In the case of the spillover analysis, our main conclusions are as follows: 1) there are negative horizontal wages and gross revenues spillovers effects on gross revenues growth but positive horizontal gross revenues spillovers effects on ROA, 2) there are positive backwards wages spillovers effects on gross revenues when inward FDI was obtained a period before the period of analysis, and 3) there is a negative forward wage spillover effect on gross revenues in one period after the period of analysis. These results suggest that the inputs offered by firms with inward FDI are either more expensive or too technologically advanced for local firms, which triggers negative forward spillovers because domestic firms could not have enough absorptive capacity. In other words, as Lenaerts and Merlevede (2015) mentions, large foreign investors “bring their own supply chain” and thus do not generate spillovers along the supply chain. Furthermore, our findings suggest that foreign firms purchase inputs from domestic firms, allowing them to increase their sales in the following period. Ecuadorian firms, on the other hand, appear to be less able to deal with the “market stealing” effect of MNEs, which is consistent with evidence of negative forward and horizontal spillovers, given the country’s high proportion of micro and small firms.

Our findings from spillover effects on various economic sectors are diverse. Negative horizontal spillover effects are found in all sectors, but the magnitude varies depending on the performance measure. According to our findings, backward spillovers have mostly a negative effect on the performance indicators of firms in various economic sectors. On each sector and firm performance measure, the results for forward spillover effects are more diverse. These heterogeneous FDI spillovers effects on economic activities imply various challenges in terms of public policy.

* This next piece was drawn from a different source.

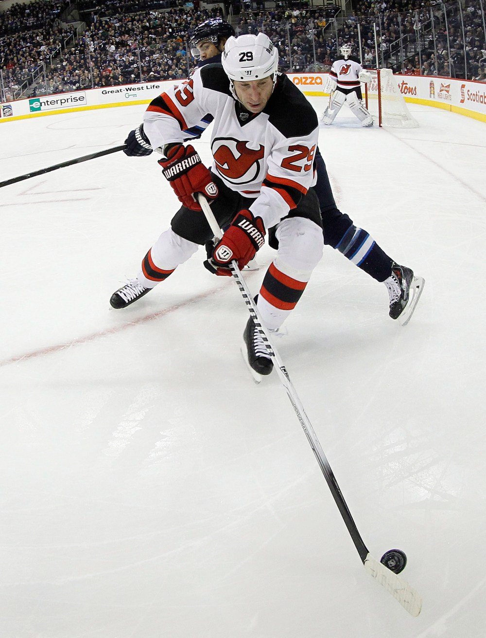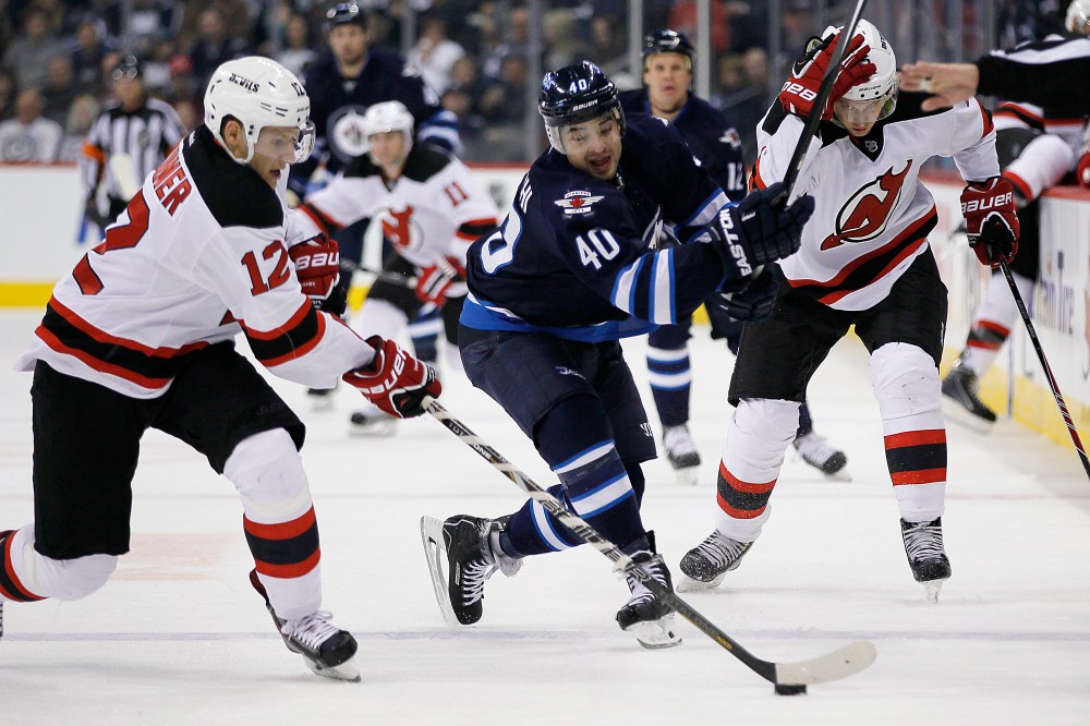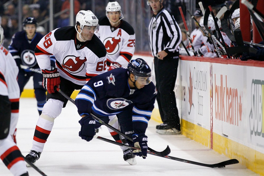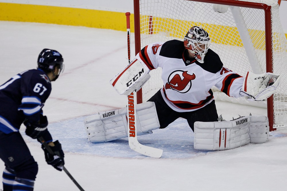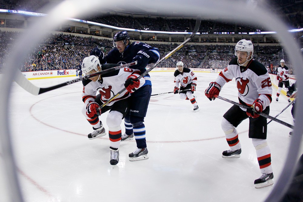 Evander Kane's shot deflects off New Jersey Devils' Andy Greene and past goaltender Cory Schneider for the Jets first goal during the second period.

Consequently, several policy implications can be derived from these results. First, the government should provide support to domestic firms by a policy of tax incentives for small firms conditional on receiving FDI via capital increase, or via creation of new firms with a minimum amount of foreign capitals. Second, the government should focus incentives on FDI heterogeneously, distinguishing whether incentives are made for investments by reinvestment of foreign profits or if it is carried out mainly by new incoming FDI. Third, improving the investment framework through better macroeconomic and institutional conditions should be a prime guideline for policy (Alguacil et al. 2011). Fourth, policies aimed at increasing local learning capabilities and labor skills may be essential to increase the absorptive capacity of domestic firms (Sinani and Meyer 2004), which could reduce the technological transfer gaps between foreign and domestic firms but more importantly, firms could better absorb technology and increase the quality of their products and increase competition. Finally, the government should focus on specific industries where there are no spillover effects on ROA and gross revenues in order to spread the positive outcomes of some firms in the sector, but also on industries where there are backward spillovers because they can stimulate foreign firms to buy goods for domestic firms in order to promote competition, product quality, and increase local firm production.